Winesburg, Ohio, Sherwood Anderson's most famous book, is a peculiar work, part novel and part collection of short stories. Its twenty-four sections are interconnected accounts that focus on various inhabitants of Winesburg, a sleepy midwestern town, around the turn of the century. The book opens with a framing device of sorts: the prologue-like section entitled "The Book of the Grotesque," in which a nameless old writer has a bedtime vision of human beings who pursue various "truths" to so great an extent that they become "grotesque." These hallucinations prefigure the lives of the inhabitants of Winesburg (at least of those inhabitants in whose lives the reader is allowed to peer). From the would-be Old Testament patriarch Jesse Bentley, to the filthy, obese, misogynistic Wash Williams, the souls of Anderson's Winesburgers are all somehow deformed.

Most of these deformations spring from two linked sources--alienation and loneliness. Some of Anderson's characters are completely cut off from human contact, like Wing Biddlebaum, an ex-teacher in hiding after being accused of molesting a student, or Enoch Robinson, who fills his New York apartment with imaginary friends. Others, especially women, are simply starved for love, like Alice Hindman, jilted by her only lover, or Elizabeth Willard and Louise Bentley, both stuck in loveless marriages. Indeed, the unhappiness of married life is a persistent theme in the book. Again and again, characters reach out to other people, hoping to quell their loneliness through love or companionship, and again and again, they are disappointed. Happiness is a rare commodity in Winesburg, grasped only by a few, like the ever-ebullient Joe Welling or the cheerful Tom Foster, who can appreciate better than anyone else the simple pleasures of life.

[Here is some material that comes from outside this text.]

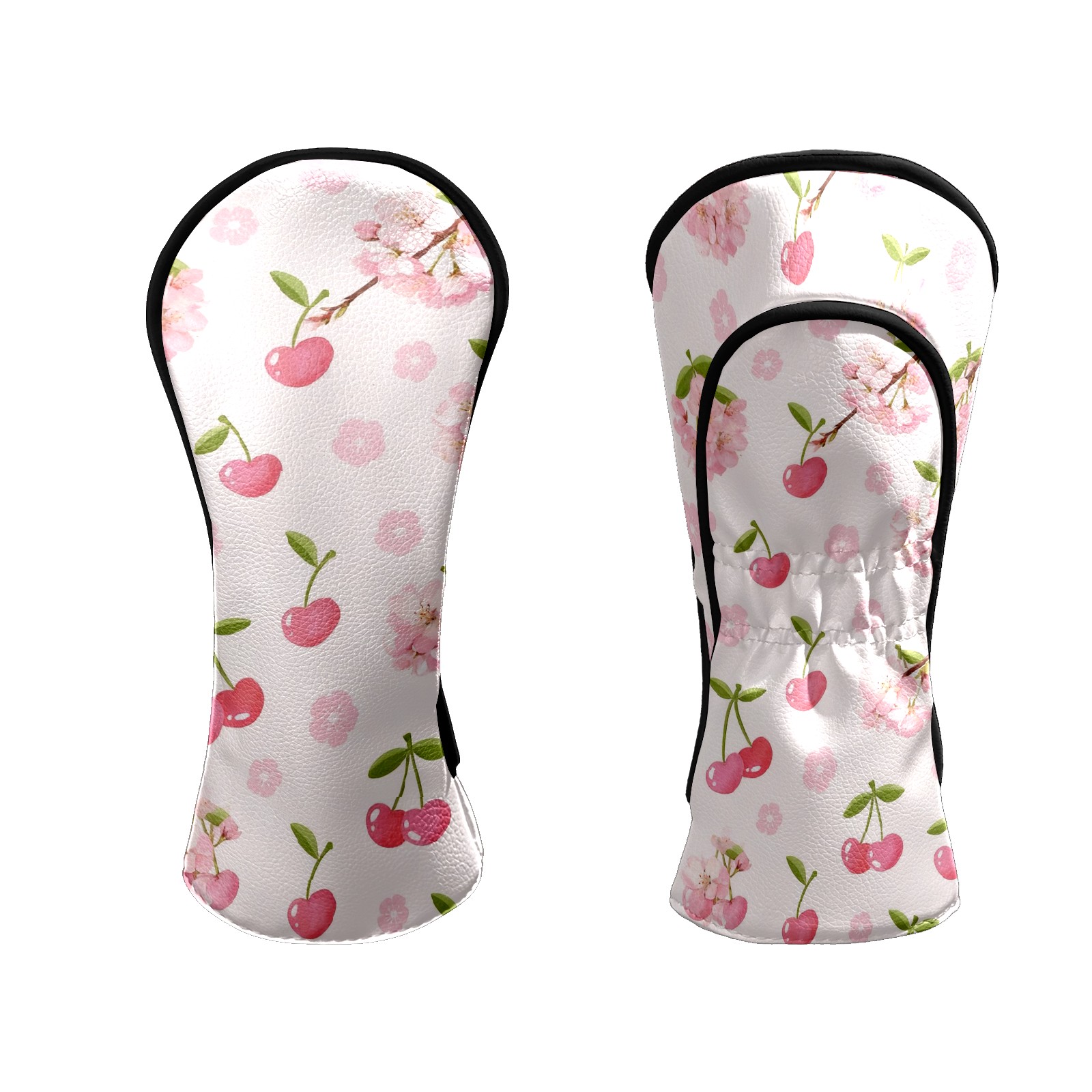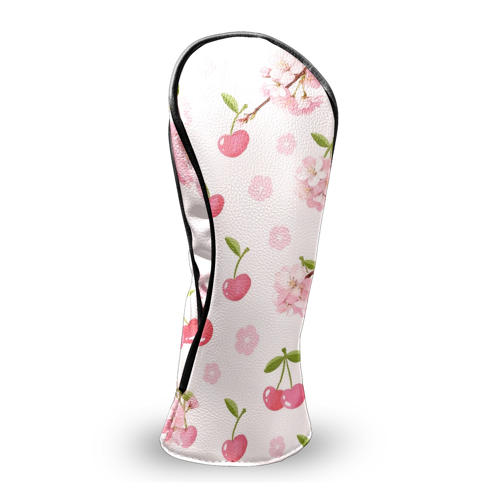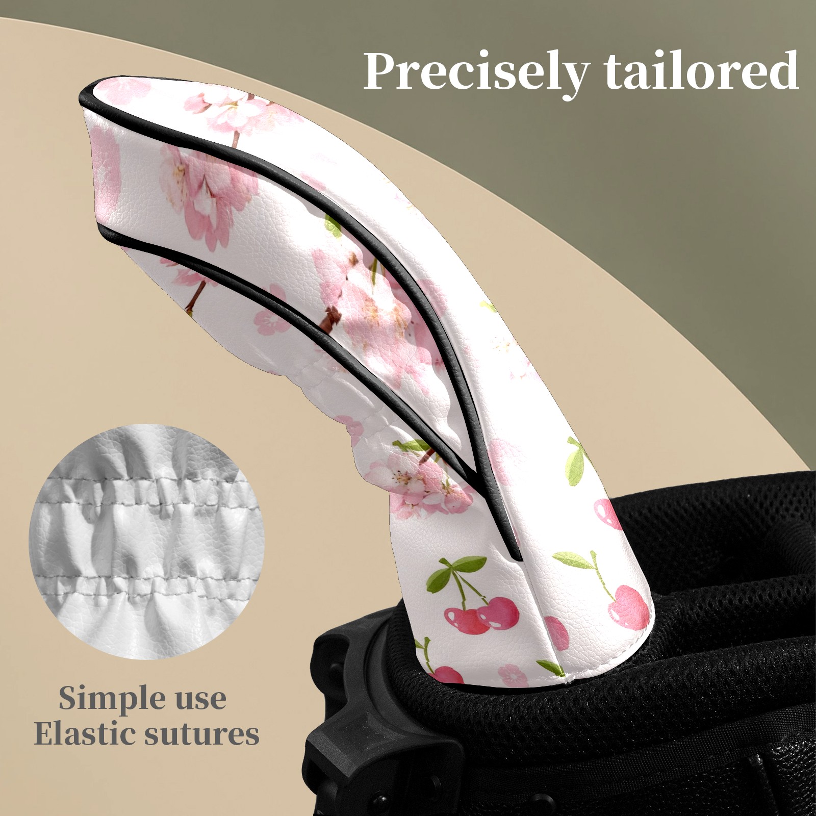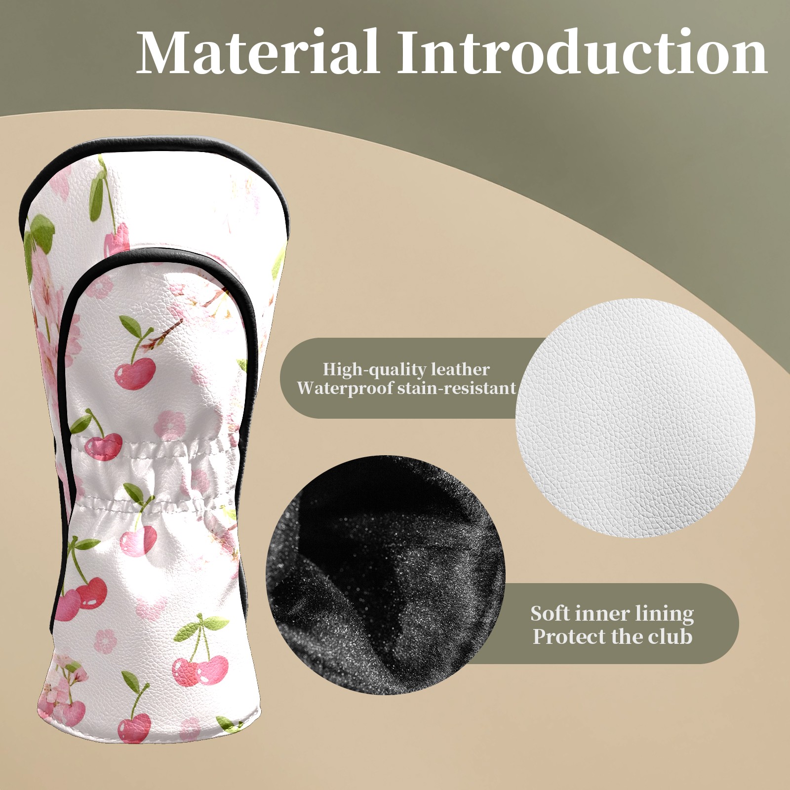 Golf Head Covers Leather Driver Head Cover, Premium Golf Club Covers with Soft Lining Fits Driver Hybrid Fairway 3/5 Wood for Women Men (Jimeng-2025-10-28-9464-参考图1的粉色和绿色配色,生成樱花枝条设计,粉色樱花花朵和绿色叶子,简约清新风格)

The picture is largely bleak for the other characters. Like Theodore Dreiser and Emile Zola, Anderson was a master of literary naturalism, offering a harsh and pessimistic assessment of the human condition. But while Dreiser and Zola situated their unhappy characters amid the brutality of industrial cities and mining towns, Anderson finds unhappiness, alienation and despair in what one might suppose a gentler, more innocent place--the rural, picturesque setting of a typical, American, small town. The existence of social norms, however, constrains the town's inhabitants, and public opinion proves a powerful force in shaping individuals.

The overall structure of the book is determined by the development of George Willard, the newspaper reporter and budding writer who crops up repeatedly, appearing in fifteen of the twenty-four stories. Anderson allows us to track his development from a callow youth who has foolish fancies, sexual adventures, and near-epiphanies, to the edge of adulthood. His journey takes place in the background for much of the book: he is the person to whom the other Winesburgers pour out their hearts, and in many stories he is only there as a listener, a filter between his fellow townsfolk and the reader. In the closing stories, though, after his mother's death, he steps forward into manhood and prepares to leave Winesburg for the wider world. When, in the last story of the novel, George takes the train away from Winesburg, the reader goes with him, leaving behind the grotesques to their futile search for love and happiness in a small and unfeeling world.